**Given information:**

● ● ●

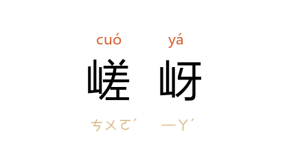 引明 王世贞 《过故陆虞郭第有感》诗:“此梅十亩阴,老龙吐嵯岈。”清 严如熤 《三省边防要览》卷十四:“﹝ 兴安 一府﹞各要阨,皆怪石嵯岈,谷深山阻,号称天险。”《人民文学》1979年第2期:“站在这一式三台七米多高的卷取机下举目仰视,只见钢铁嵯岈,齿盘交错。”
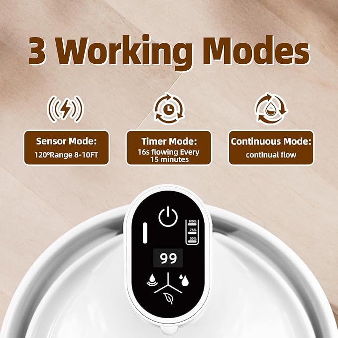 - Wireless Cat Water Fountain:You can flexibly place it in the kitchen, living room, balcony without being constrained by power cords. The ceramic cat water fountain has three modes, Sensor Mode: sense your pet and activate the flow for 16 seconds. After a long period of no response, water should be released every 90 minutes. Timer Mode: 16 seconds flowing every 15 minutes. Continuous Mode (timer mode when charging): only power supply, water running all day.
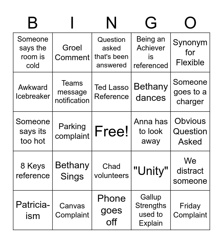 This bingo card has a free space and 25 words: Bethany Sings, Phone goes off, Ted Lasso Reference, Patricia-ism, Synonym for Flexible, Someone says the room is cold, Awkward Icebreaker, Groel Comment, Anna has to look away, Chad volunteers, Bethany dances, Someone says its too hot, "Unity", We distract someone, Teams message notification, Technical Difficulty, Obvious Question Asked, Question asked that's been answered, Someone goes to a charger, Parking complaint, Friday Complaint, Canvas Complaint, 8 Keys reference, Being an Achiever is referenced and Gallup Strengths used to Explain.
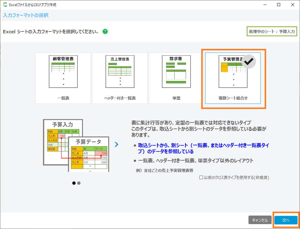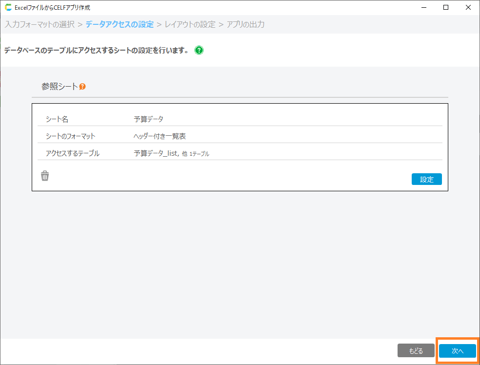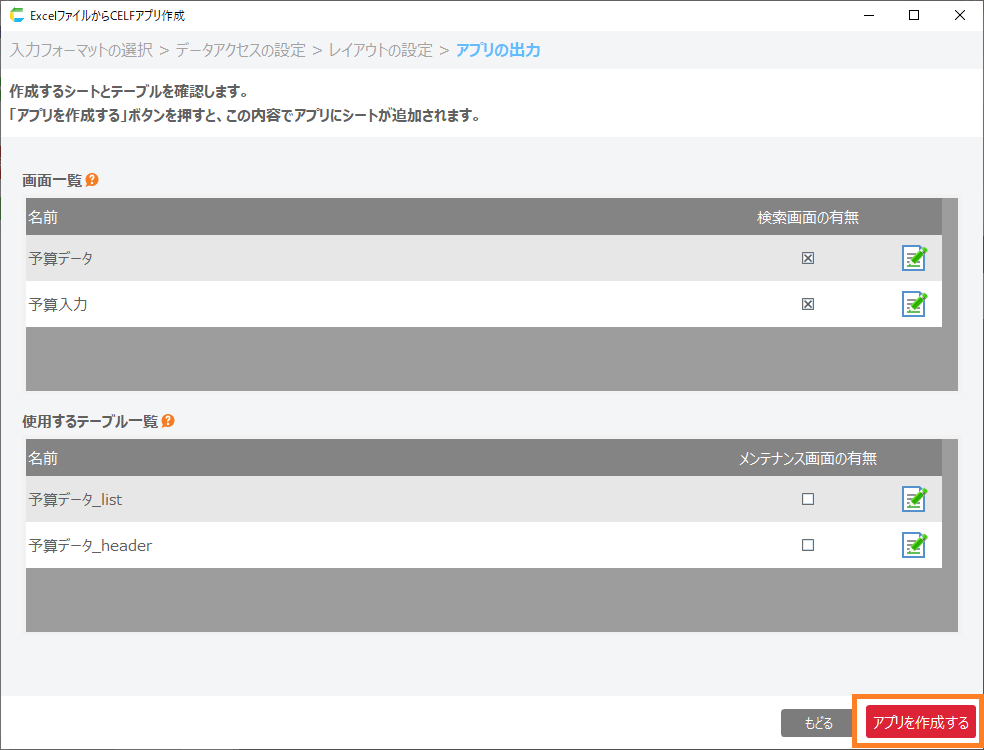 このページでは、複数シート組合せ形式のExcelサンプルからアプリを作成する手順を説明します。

● ● ●

**Directions for this task:** Across the whole listing, reproduce each line verbatim and exclude every picture.

**Problem solution:**
 引明 王世贞 《过故陆虞郭第有感》诗:“此梅十亩阴,老龙吐嵯岈。”清 严如熤 《三省边防要览》卷十四:“﹝ 兴安 一府﹞各要阨,皆怪石嵯岈,谷深山阻,号称天险。”《人民文学》1979年第2期:“站在这一式三台七米多高的卷取机下举目仰视,只见钢铁嵯岈,齿盘交错。”
 - Wireless Cat Water Fountain:You can flexibly place it in the kitchen, living room, balcony without being constrained by power cords. The ceramic cat water fountain has three modes, Sensor Mode: sense your pet and activate the flow for 16 seconds. After a long period of no response, water should be released every 90 minutes. Timer Mode: 16 seconds flowing every 15 minutes. Continuous Mode (timer mode when charging): only power supply, water running all day.
 This bingo card has a free space and 25 words: Bethany Sings, Phone goes off, Ted Lasso Reference, Patricia-ism, Synonym for Flexible, Someone says the room is cold, Awkward Icebreaker, Groel Comment, Anna has to look away, Chad volunteers, Bethany dances, Someone says its too hot, "Unity", We distract someone, Teams message notification, Technical Difficulty, Obvious Question Asked, Question asked that's been answered, Someone goes to a charger, Parking complaint, Friday Complaint, Canvas Complaint, 8 Keys reference, Being an Achiever is referenced and Gallup Strengths used to Explain.
 このページでは、複数シート組合せ形式のExcelサンプルからアプリを作成する手順を説明します。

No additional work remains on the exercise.